On 07/29/2014 05:40 AM, Peter Krempa wrote:
Fix things by saving state any time we modify live XML, while delaying XML disk modifications until after the event completes. We still need a to teach libvirtd restarts to examine all existing <mirror> elements to see if the job completed in the meantime (that is, if libvirtd misses the event, the updated state still needs to be updated in live XML), but that will be a later patch, in part because we also need to to start taking advantage of newer qemu's ability to keep the job around after completion rather than the current usage where the job disappears both on error and on success.
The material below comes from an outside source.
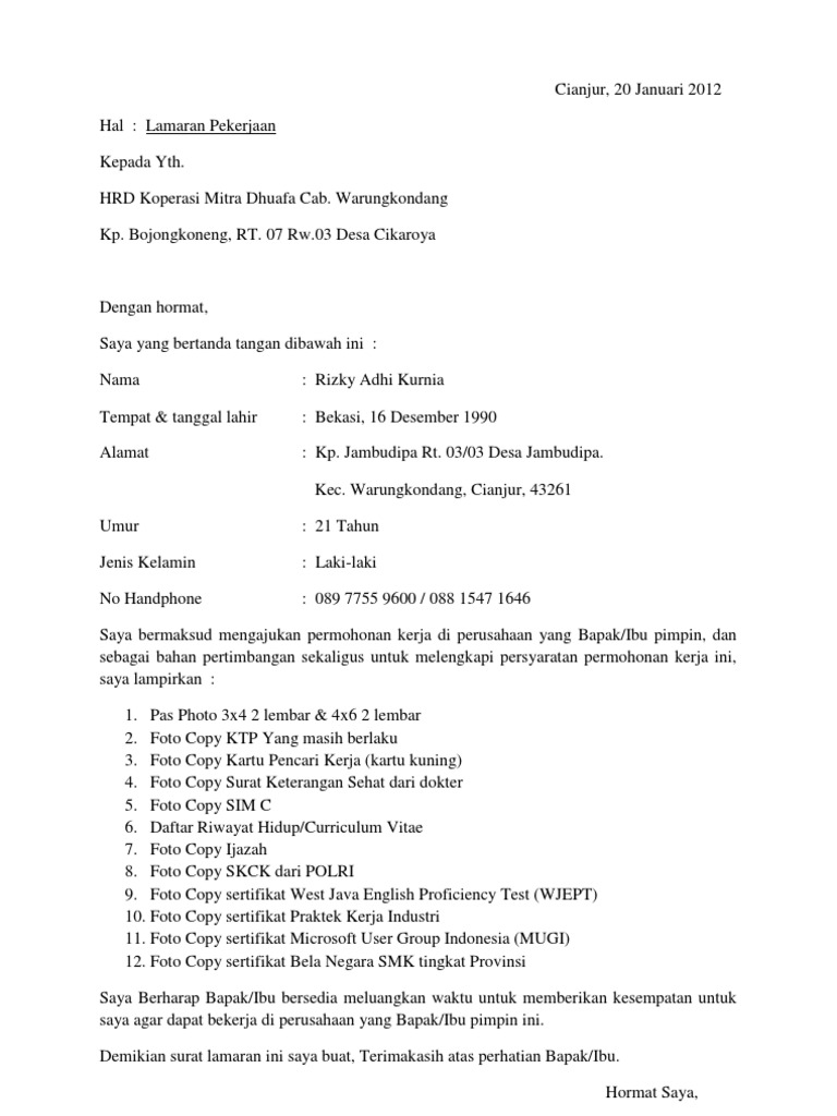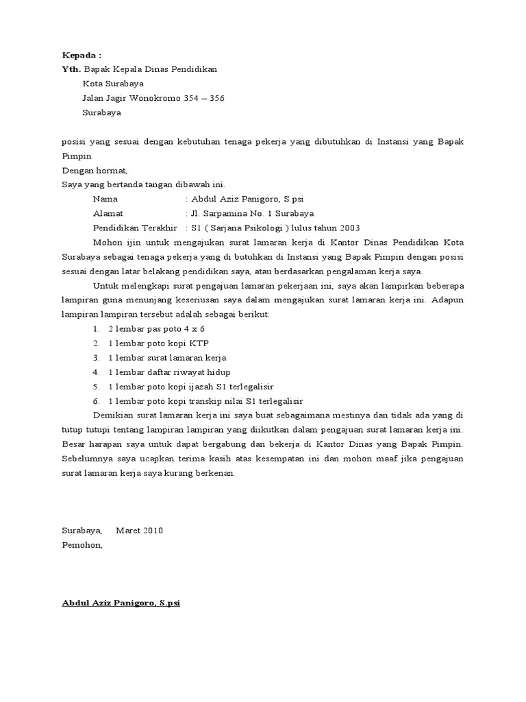 Surat Lamaran Kerja Pdf

+ /* If we completed a block pull or commit, then update the XML + * to match. */ + if (status == VIR_DOMAIN_BLOCK_JOB_COMPLETED) { + bool has_mirror = !!disk->mirror;
The control flow is becoming less obvious in this function.
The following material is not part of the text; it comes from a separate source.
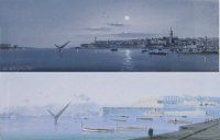 Maltese harbour and Maltese harbour by moonlight

Yeah, I struggled on that for a while.
+ + if (disk->mirrorState == VIR_DOMAIN_DISK_MIRROR_PIVOT) { + /* XXX We want to revoke security labels and disk + * lease, as well as audit that revocation, before + * dropping the original source. But it gets tricky + * if both source and mirror share common backing + * files (we want to only revoke the non-shared + * portion of the chain); so for now, we leak the + * access to the original. */ + virStorageSourceFree(disk->src); + disk->src = disk->mirror; + disk->mirror = NULL;
If we were here, then
+ } + if (has_mirror) {
This condition is also true and we try to free the source of the mirror again, even if we did it above. On the other hand, this is reached even if the _ABORT job is completed, where this makes sense.
Basically, once a job completes, we have to clean up disk->mirror whether it was abort or pivot; but if it was pivot, we also have to adjust the source to be the former mirror contents. But I agree that a minor tweak to the flow makes it easier to read.
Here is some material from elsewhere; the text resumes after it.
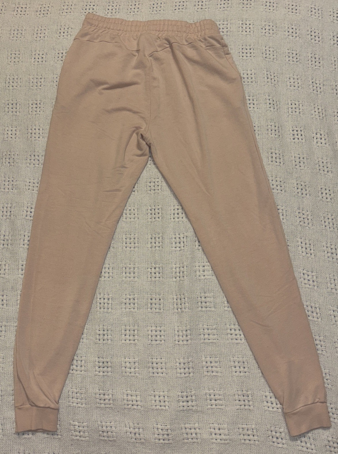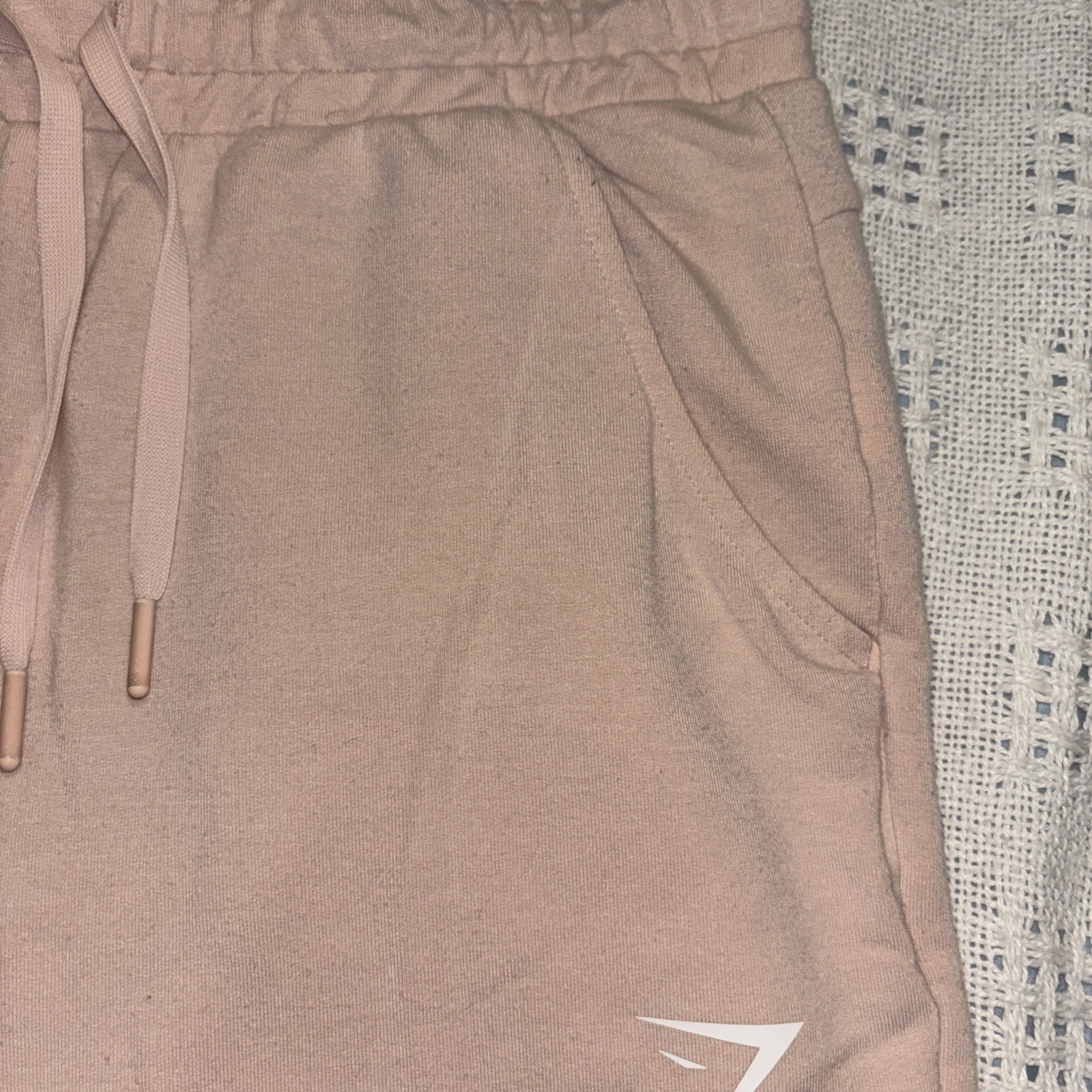The Gymshark Joggers in dusty pink are a versatile and stylish choice for women on the go. Made from a comfortable blend of polyester, spandex, viscose, and cotton, these fleece fabric joggers feature a pull-on closure with an elastic waist for a personalized fit. With a tapered leg style, these activewear pants are perfect for both gym workouts and casual lounging, offering a blend of athleisure and sports-inspired design. Complete with pockets for convenience, these machine washable joggers are a must-have addition to any woman's wardrobe.

qemuDomainDetermineDiskChain(driver, vm, disk, true); - if (disk->mirror && type == VIR_DOMAIN_BLOCK_JOB_TYPE_COPY) { + } + + if (disk->mirror &&
Now this really is an else section to the above as both paths above clear disk->mirror.
Also correct.
ACK, the function flow isn't obvious but it's correct from my POV
After rebasing on top of 1/4, here's what I squashed in to improve the control flow, before pushing 1 and 2. I'll wait on 3 and 4 for any other opinions on whether active commit deserves to be in rc2. diff --git i/src/qemu/qemu_process.c w/src/qemu/qemu_process.c index 1340c8d..48da843 100644 --- i/src/qemu/qemu_process.c +++ w/src/qemu/qemu_process.c @@ -1033,8 +1033,6 @@ qemuProcessHandleBlockJob(qemuMonitorPtr mon ATTRIBUTE_UNUSED, /* If we completed a block pull or commit, then update the XML * to match. */ if (status == VIR_DOMAIN_BLOCK_JOB_COMPLETED) { - bool has_mirror = !!disk->mirror; - if (disk->mirrorState == VIR_DOMAIN_DISK_MIRROR_STATE_PIVOT) { /* XXX We want to revoke security labels and disk * lease, as well as audit that revocation, before @@ -1045,22 +1043,19 @@ qemuProcessHandleBlockJob(qemuMonitorPtr mon ATTRIBUTE_UNUSED, * access to the original. */ virStorageSourceFree(disk->src); disk->src = disk->mirror; - disk->mirror = NULL; - } - if (has_mirror) { + } else { virStorageSourceFree(disk->mirror); - disk->mirror = NULL; - save = disk->mirrorState != VIR_DOMAIN_DISK_MIRROR_STATE_NONE; - disk->mirrorState = VIR_DOMAIN_DISK_MIRROR_STATE_NONE; } + /* Recompute the cached backing chain to match our * updates. Better would be storing the chain ourselves * rather than reprobing, but we haven't quite completed * that conversion to use our XML tracking. */ + disk->mirror = NULL; + save = disk->mirrorState != VIR_DOMAIN_DISK_MIRROR_STATE_NONE; + disk->mirrorState = VIR_DOMAIN_DISK_MIRROR_STATE_NONE; qemuDomainDetermineDiskChain(driver, vm, disk, true); - } - - if (disk->mirror && type == VIR_DOMAIN_BLOCK_JOB_TYPE_COPY) { + } else if (disk->mirror && type == VIR_DOMAIN_BLOCK_JOB_TYPE_COPY) { if (status == VIR_DOMAIN_BLOCK_JOB_READY) { disk->mirrorState = VIR_DOMAIN_DISK_MIRROR_STATE_READY; save = true; -- Eric Blake eblake redhat com +1-919-301-3266 Libvirt virtualization library http://libvirt.org

On 07/28/2014 10:20 PM, Eric Blake wrote:
Fix things by saving state any time we modify live XML, while delaying XML disk modifications until after the event completes.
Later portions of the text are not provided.